Prof. Walter Lyon Blease (1884 – 12 April 1963), was a British Liberal Party politician, barrister and academic.

==Background==
He was born in Liverpool, the son of Walter and Mary Cecilia Blease. He was educated at Parkfield School, Liverpool; Shrewsbury School and Liverpool University. He was awarded the Studentship at Bar Final Examination, 1906. He married, in 1918, Harriott Davies. They had three daughters.

He served with hospital units in Serbia 1915 and in Russia and Romania 1916–18. He was Assistant Editor of The New East, Tokyo in 1918.

==Academic career==
He was Lecturer in the Law and Custom of the Constitution at Liverpool University in 1910. He was Queen Victoria Professor of Law, at Liverpool University from 1919–49.

==Political career==
He was Liberal candidate for the Chorley Division of Lancashire at the January 1910 General Election.

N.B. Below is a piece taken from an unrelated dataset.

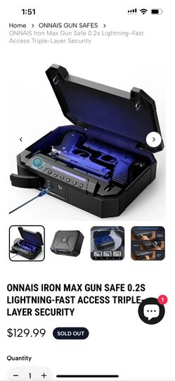 ONNAIS IRON MAX GUN SAFE 0.2S LIGHTNING-FAST ACCESS TRIPLE-LAYER SECURITY$95South Pasadena, CA
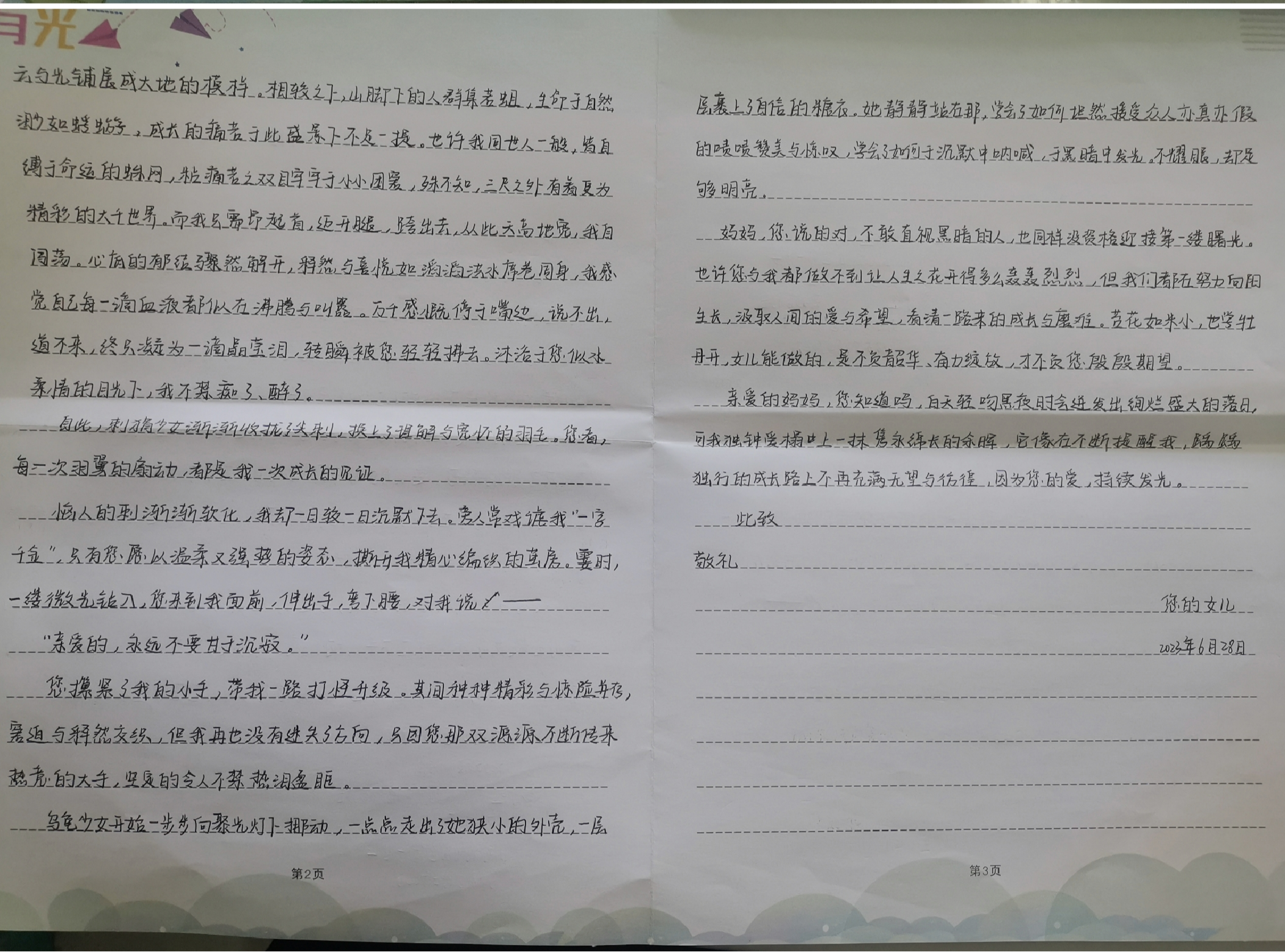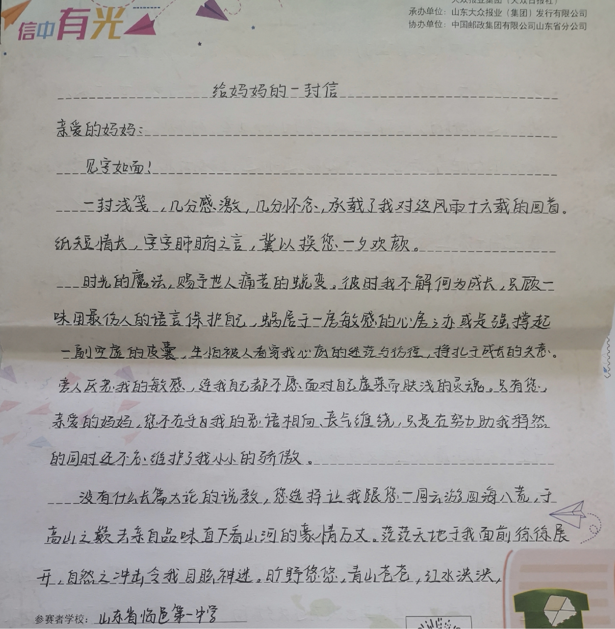 山东省第二届青少年书信文化活动获奖作品展播高中组 二等奖姓名:李金熙组别:高中组学校:德州市临邑第一中学指导老师:曹璐璐

General Election January 1910 Electorate 14,347
| Party |  | Candidate | Votes | % | ±% |
|---|---|---|---|---|---|
|  | Conservative | Lord Balcarres | 7,735 | 58.3 |  |
|  | Liberal | Walter Lyon Blease | 5,523 | 41.7 |  |
| Majority |  |  | 2,212 | 16.6 |  |
| Turnout |  |  | 13,258 | 92.4 |  |
|  | Conservative hold |  | Swing |  |  |

In 1936 he was appointed a governor of the British Film Institute.
In 1939 he was adopted as Liberal prospective parliamentary candidate for the East Toxteth Division of Liverpool. The constituency had been safe for the Conservatives during the 1930s, even without a Labour candidate to split the anti-Tory vote. By 1939 there was again no Labour candidate selected. A general election was anticipated to take place in the autumn of 1939, but, due to the outbreak of war, the election did not take place until the 1945 general election. By then, a Labour candidate had emerged;

General Election 1945 Electorate 52,484
| Party |  | Candidate | Votes | % | ±% |
|---|---|---|---|---|---|
|  | Conservative | Patrick George Thomas Buchan-Hepburn | 18,145 | 49.3 | −10.9 |
|  | Labour | Lt. Victor Harold Edgar Baker | 12,376 | 33.6 | n/a |
|  | Liberal | Prof. Walter Lyon Blease | 6,286 | 17.1 | −22.7 |
| Majority |  |  | 5,769 | 15.7 | −4.7 |
| Turnout |  |  | 36,807 | 70.1 | +4.9 |
|  | Conservative hold |  | Swing | n/a |  |

He was Liberal candidate for the new Garston Division of Liverpool at the 1950 General Election.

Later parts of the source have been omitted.